— Your objective —
What you return must be the full data, repeated verbatim, with no pictures in it.

— Records shown —

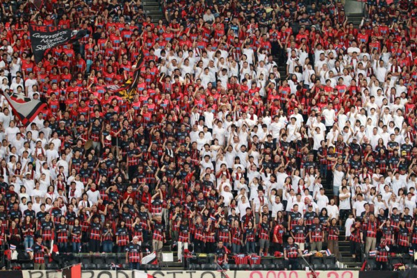 上写真/一方、札幌も白い“12”の人文字を見事に描いていた。チームカラーが両チームとも赤が基調なので札幌ドーム全体が赤く染まったようだった
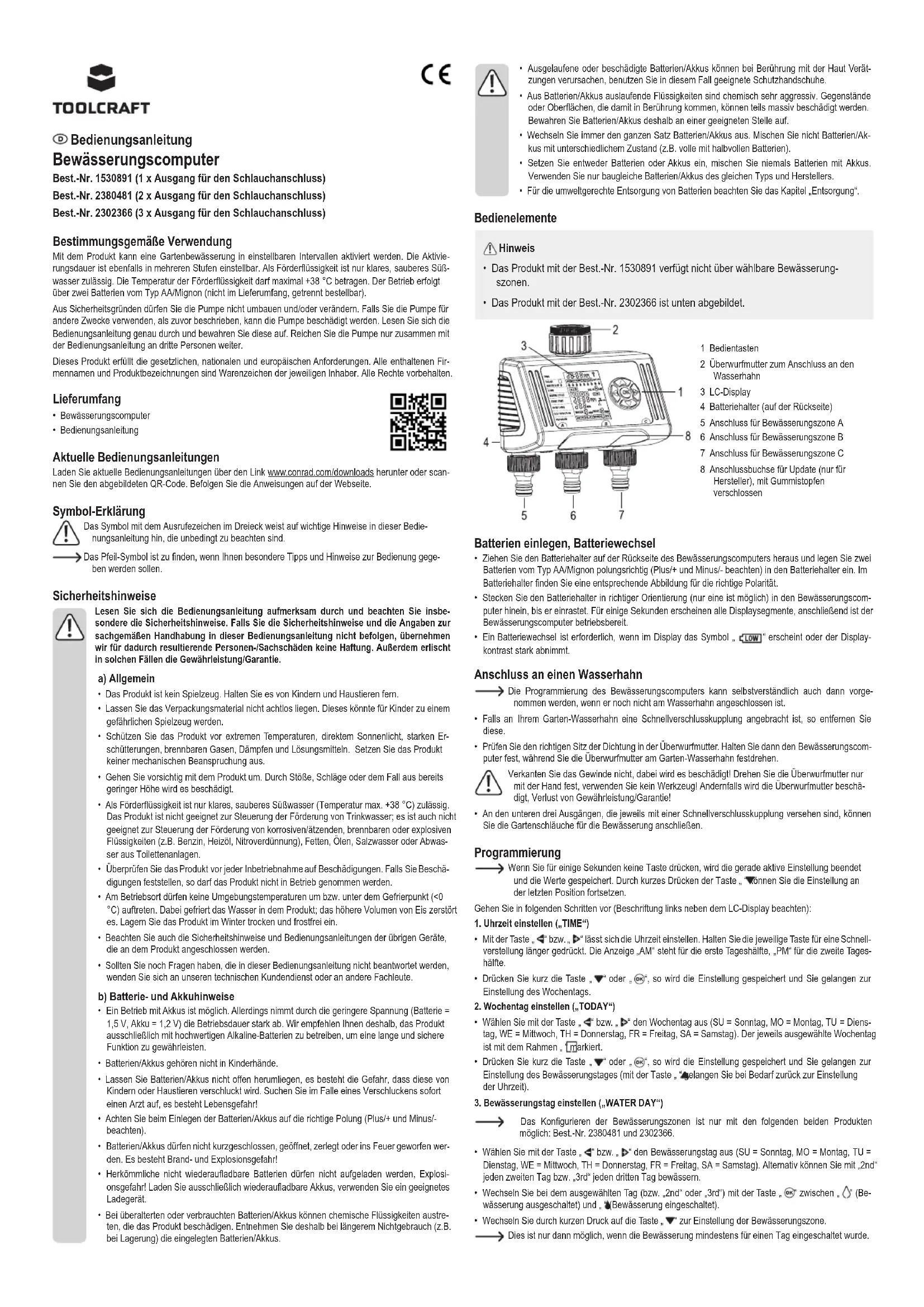 1530891 - Programmateur d'arrosage Toolcraft - Notice d'utilisation et mode d'emploi gratuit
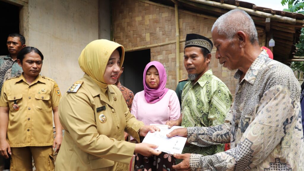 GEBANG, Bupati Purworejo Yuli Hastuti melakukan monitoring dan memberikan bansos untuk 18 warga terdampak bencana alam di dua kecamatan, yakni Purwodadi dan Gebang. Usai memberikan bansos, dilanjutkan dengan meninjau Jembatan Kragilan di Kecamatan Gebang yang tergerus air sungai pada Selasa (9/1).
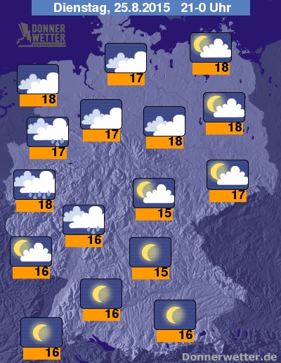 Am Dienstag Abend zeigt sich im größten Teil der Republik ein heiteres Wetter, teils auch mit Sonnenschein an. Besonders in Sachsen ist der Himmel frei von Wolken. Im Umkreis der NRW und an der Ostseeküste sind mit wechelhaften Schauern zu rechnen. Der Süden Deutschlands zeigt sich weiterhin heiter.
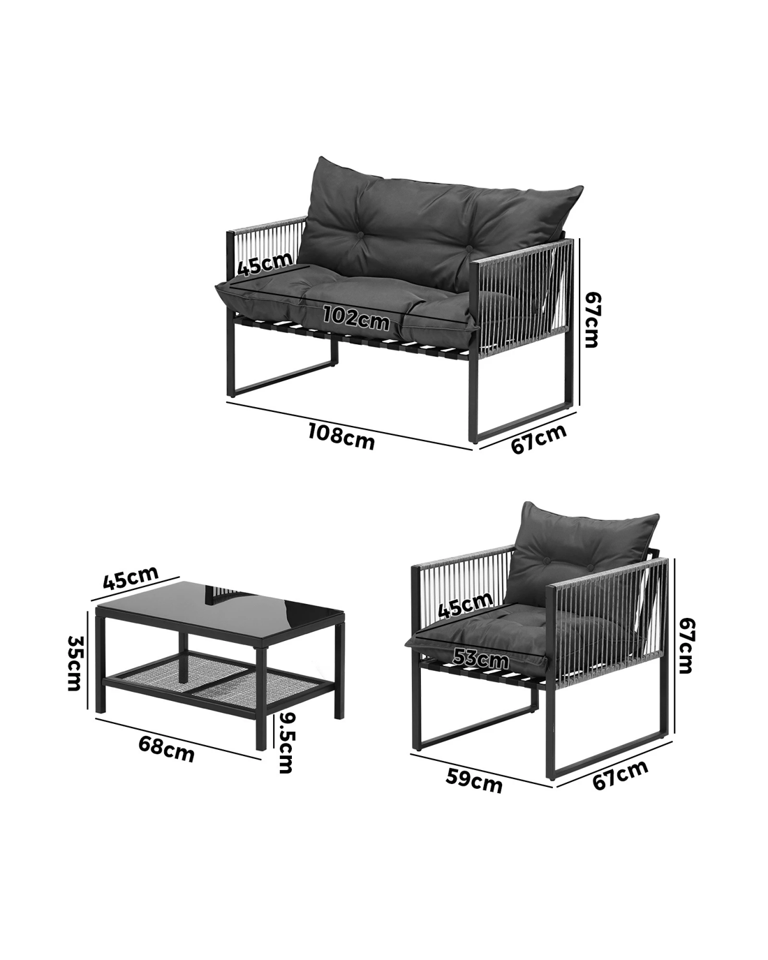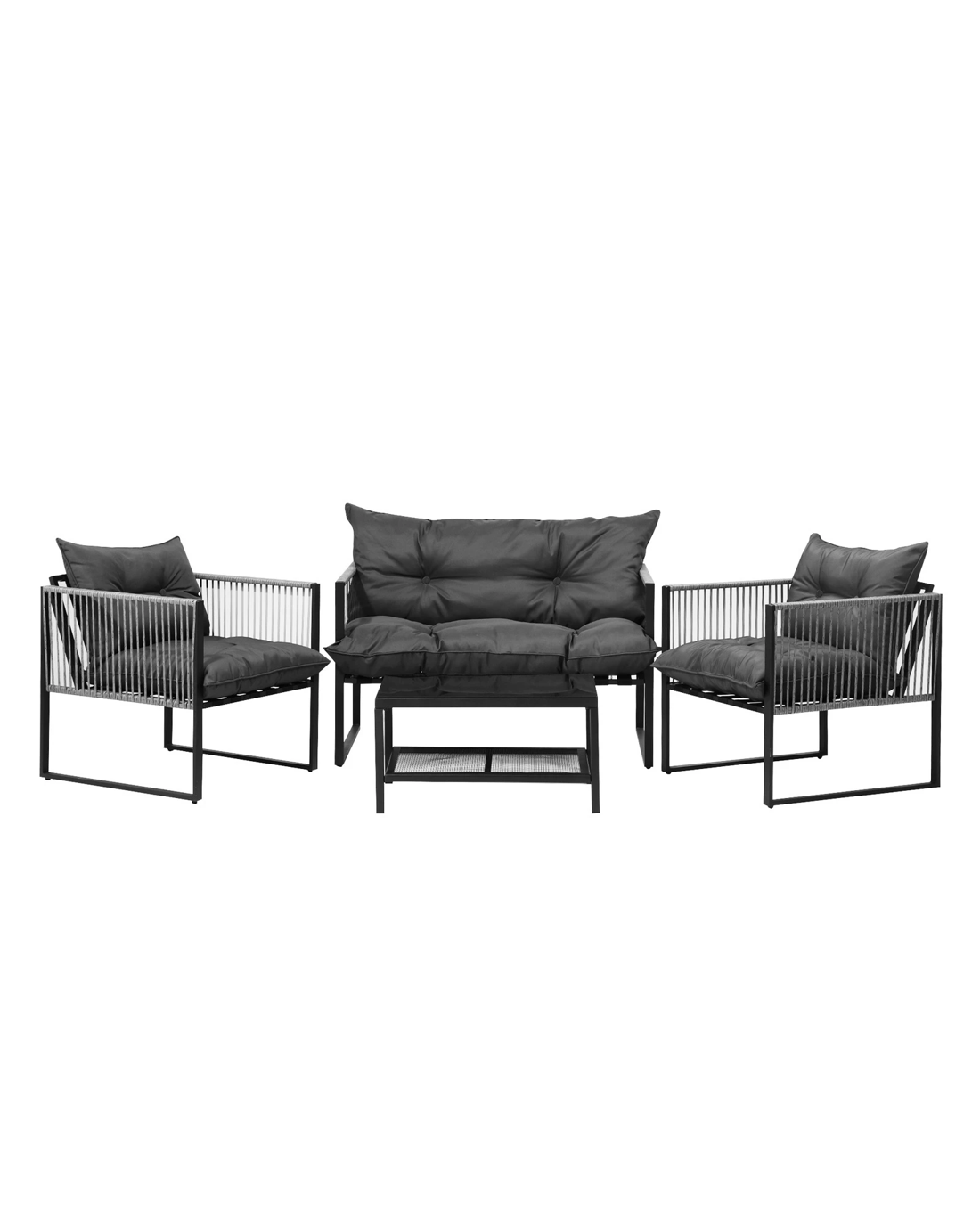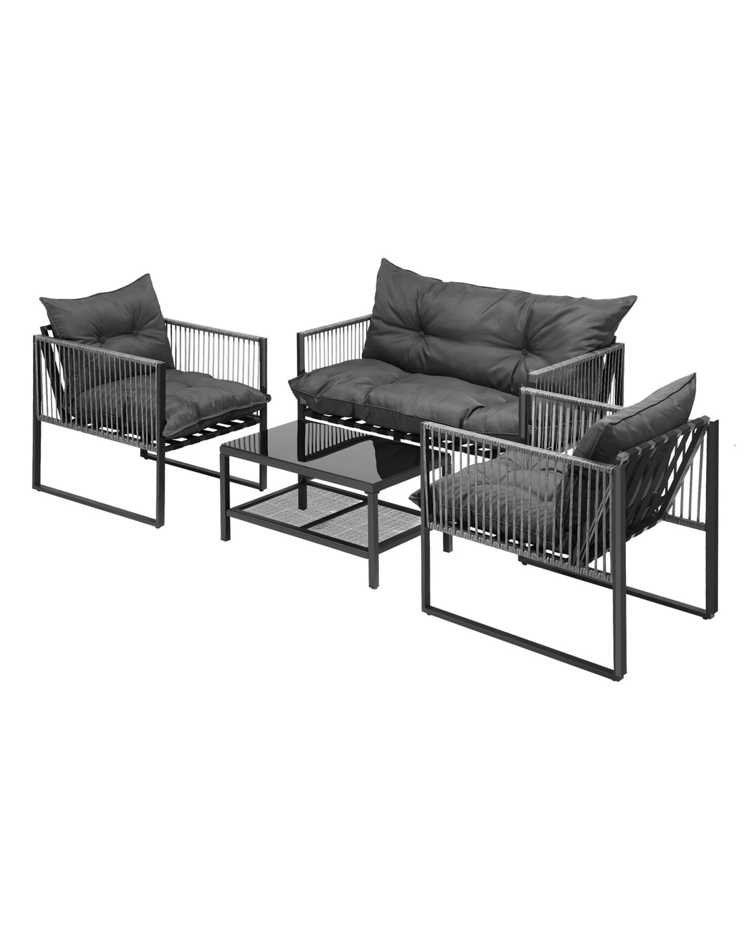 Our patio set also excels in functionality and versatility. The spacious coffee table becomes the focal point of outdoor gatherings, providing ample room for dining, games, and entertaining. From family meals to memorable celebrations, this table adapts to your needs, making it a perfect centerpiece for every occasion.
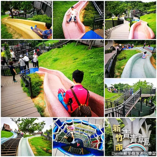 滑草僅限用紙箱,需自備紙箱來玩喔,你看~這些熟門熟路的,早就有備而來,拿著自己帶的紙箱在滑草了,坡度不會太傾斜,有時滑草會小小滑不動卡卡的,哈哈!!但還是挺有趣的
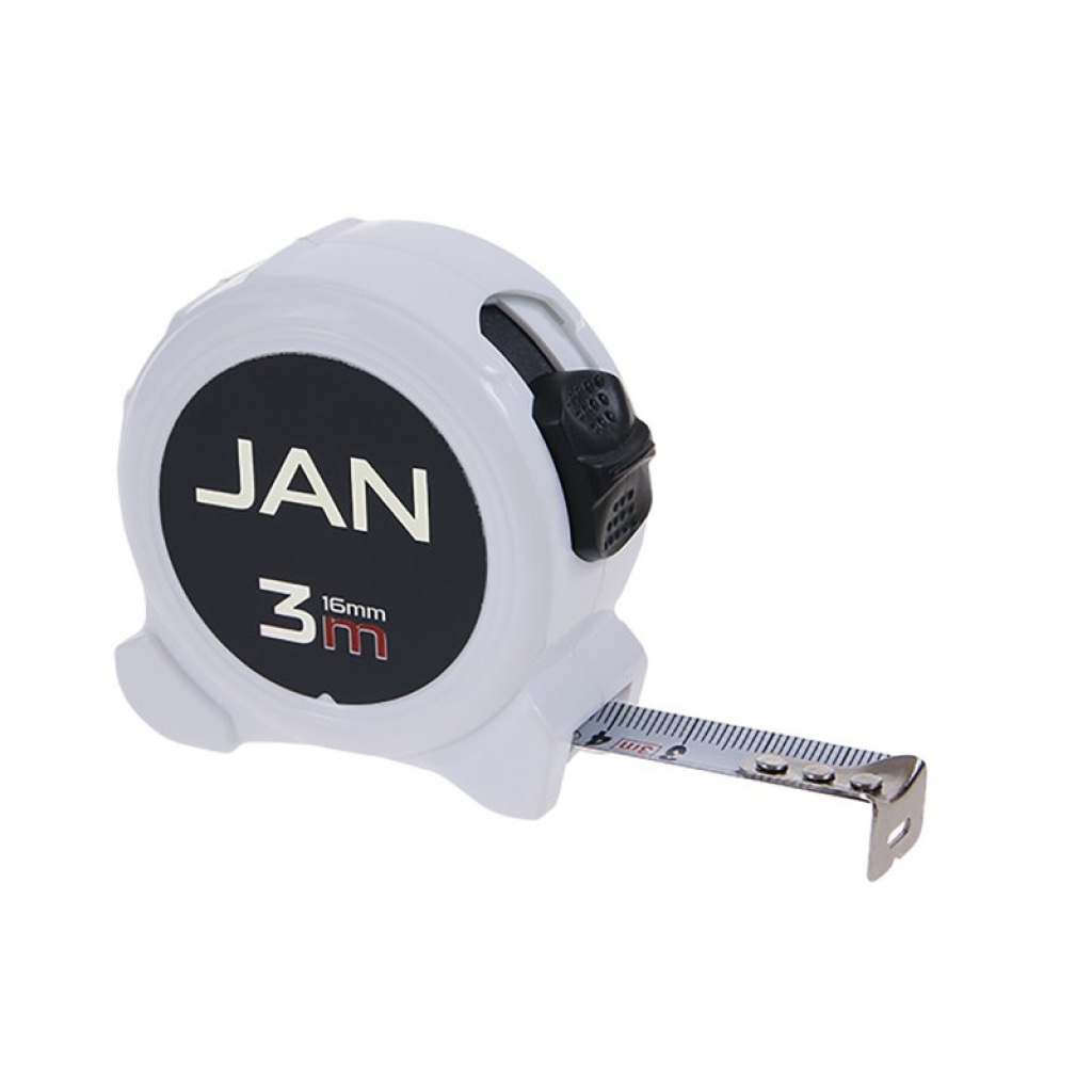 Målebånd med navn, hærdet bånd, målerkasse af ABS-plast, bred, letlæselig skala med store tal, løkke, bælteclips. CE-certifikat – måleren er egnet til kalibrering.
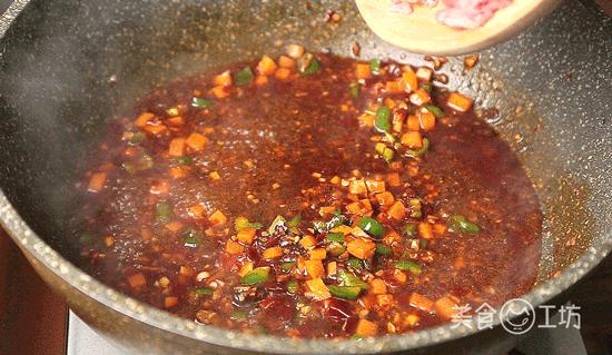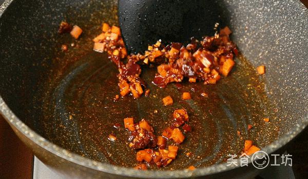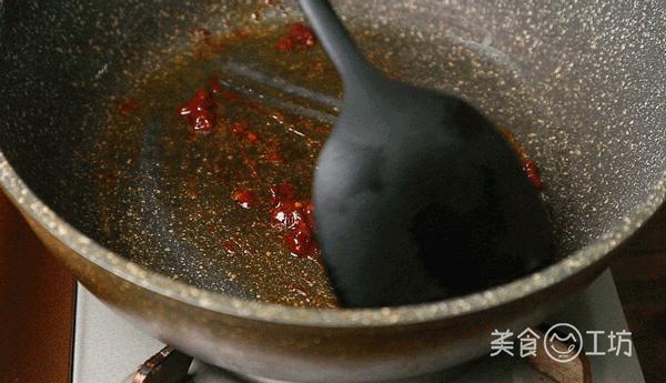 4. 鍋中倒少許油,油熱后放入豆瓣醬炒出紅油。
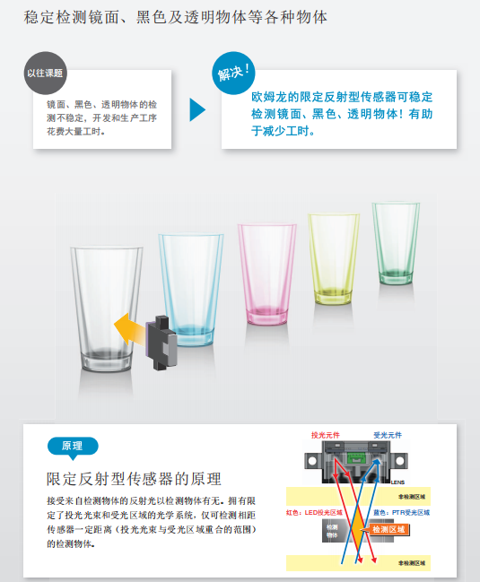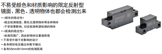 對于玻璃機械來說,歐姆龍檢測有無的光電傳感器B5W-LB2112-1擁有著絕對優(yōu)勢。歐姆龍傳感器抗陽光干擾強,可穩(wěn)定檢測鏡面、黑色、透明物體,接受來自檢測物體的反射光以檢測物體有無,擁有限定了投光光束和受光區(qū)域的光學系統(tǒng),僅可檢測相距傳感器一定距離(投光光束與受光區(qū)域重合的范圍)的檢測物體。
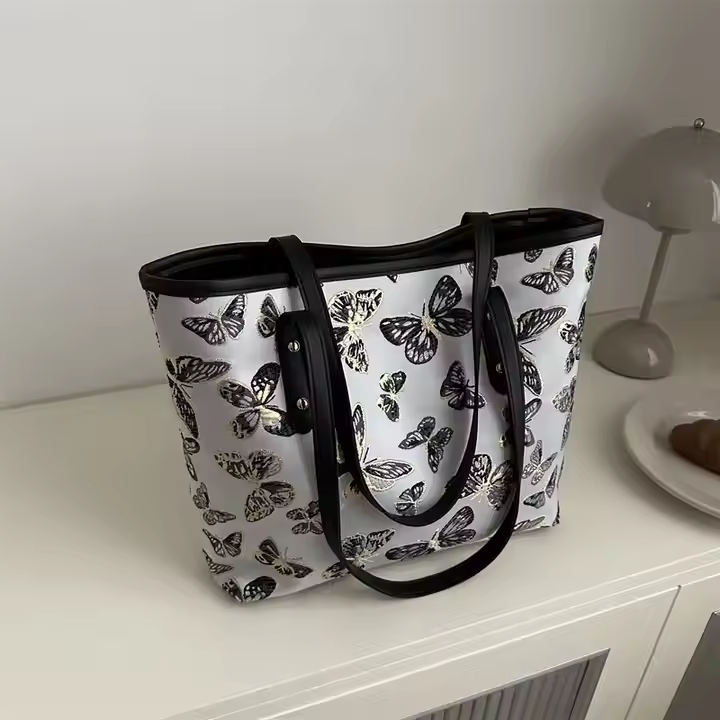 High Quality Large Capacity Korean Star Printed Shoulder Bag for Women 2025 New PU Leather Tote Bag with Zipper Closure
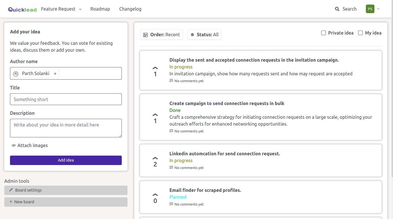 Users have the option to submit their ideas right from the boards by utilizing the idea form located on the left side of the screen.
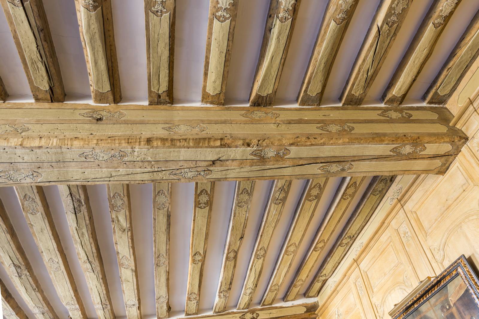 Ce bien est composé d'un vaste séjour au parquet Versailles et décoré de boiseries, de poutres peintes de motifs en trompe l'œil et de deux splendides cheminées.
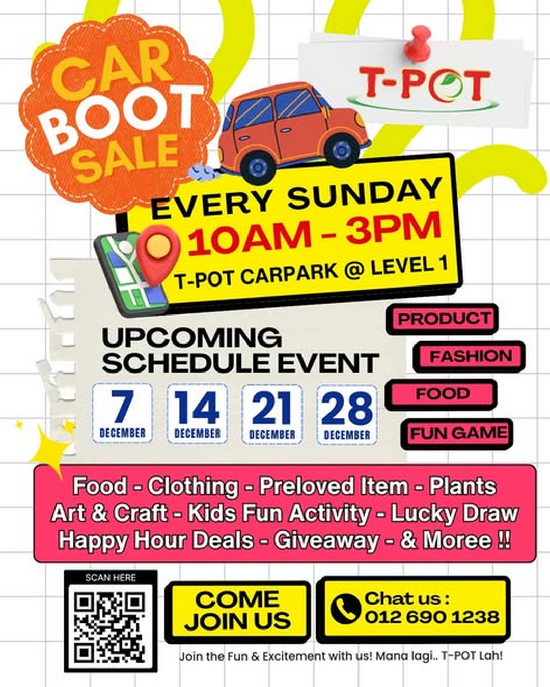 But the fun doesn’t stop with home appliances. Every Sunday in December — specifically on the 7th, 14th, 21st, and 28th — T-POT Kota Kemuning transforms part of their venue into a Carboot Sale, providing a unique shopping experience that feels more like a mini festival than a typical market. The sale runs from 10 AM to 3 PM on these days, giving plenty of time to explore, hunt for bargains, and soak in the lively atmosphere.

— Result of the task —
 上写真/一方、札幌も白い“12”の人文字を見事に描いていた。チームカラーが両チームとも赤が基調なので札幌ドーム全体が赤く染まったようだった
 1530891 - Programmateur d'arrosage Toolcraft - Notice d'utilisation et mode d'emploi gratuit
 GEBANG, Bupati Purworejo Yuli Hastuti melakukan monitoring dan memberikan bansos untuk 18 warga terdampak bencana alam di dua kecamatan, yakni Purwodadi dan Gebang. Usai memberikan bansos, dilanjutkan dengan meninjau Jembatan Kragilan di Kecamatan Gebang yang tergerus air sungai pada Selasa (9/1).
 Am Dienstag Abend zeigt sich im größten Teil der Republik ein heiteres Wetter, teils auch mit Sonnenschein an. Besonders in Sachsen ist der Himmel frei von Wolken. Im Umkreis der NRW und an der Ostseeküste sind mit wechelhaften Schauern zu rechnen. Der Süden Deutschlands zeigt sich weiterhin heiter.
 Our patio set also excels in functionality and versatility. The spacious coffee table becomes the focal point of outdoor gatherings, providing ample room for dining, games, and entertaining. From family meals to memorable celebrations, this table adapts to your needs, making it a perfect centerpiece for every occasion.
 滑草僅限用紙箱,需自備紙箱來玩喔,你看~這些熟門熟路的,早就有備而來,拿著自己帶的紙箱在滑草了,坡度不會太傾斜,有時滑草會小小滑不動卡卡的,哈哈!!但還是挺有趣的
 Målebånd med navn, hærdet bånd, målerkasse af ABS-plast, bred, letlæselig skala med store tal, løkke, bælteclips. CE-certifikat – måleren er egnet til kalibrering.
 4. 鍋中倒少許油,油熱后放入豆瓣醬炒出紅油。
 對于玻璃機械來說,歐姆龍檢測有無的光電傳感器B5W-LB2112-1擁有著絕對優(yōu)勢。歐姆龍傳感器抗陽光干擾強,可穩(wěn)定檢測鏡面、黑色、透明物體,接受來自檢測物體的反射光以檢測物體有無,擁有限定了投光光束和受光區(qū)域的光學系統(tǒng),僅可檢測相距傳感器一定距離(投光光束與受光區(qū)域重合的范圍)的檢測物體。
 High Quality Large Capacity Korean Star Printed Shoulder Bag for Women 2025 New PU Leather Tote Bag with Zipper Closure
 Users have the option to submit their ideas right from the boards by utilizing the idea form located on the left side of the screen.
 Ce bien est composé d'un vaste séjour au parquet Versailles et décoré de boiseries, de poutres peintes de motifs en trompe l'œil et de deux splendides cheminées.
 But the fun doesn’t stop with home appliances. Every Sunday in December — specifically on the 7th, 14th, 21st, and 28th — T-POT Kota Kemuning transforms part of their venue into a Carboot Sale, providing a unique shopping experience that feels more like a mini festival than a typical market. The sale runs from 10 AM to 3 PM on these days, giving plenty of time to explore, hunt for bargains, and soak in the lively atmosphere.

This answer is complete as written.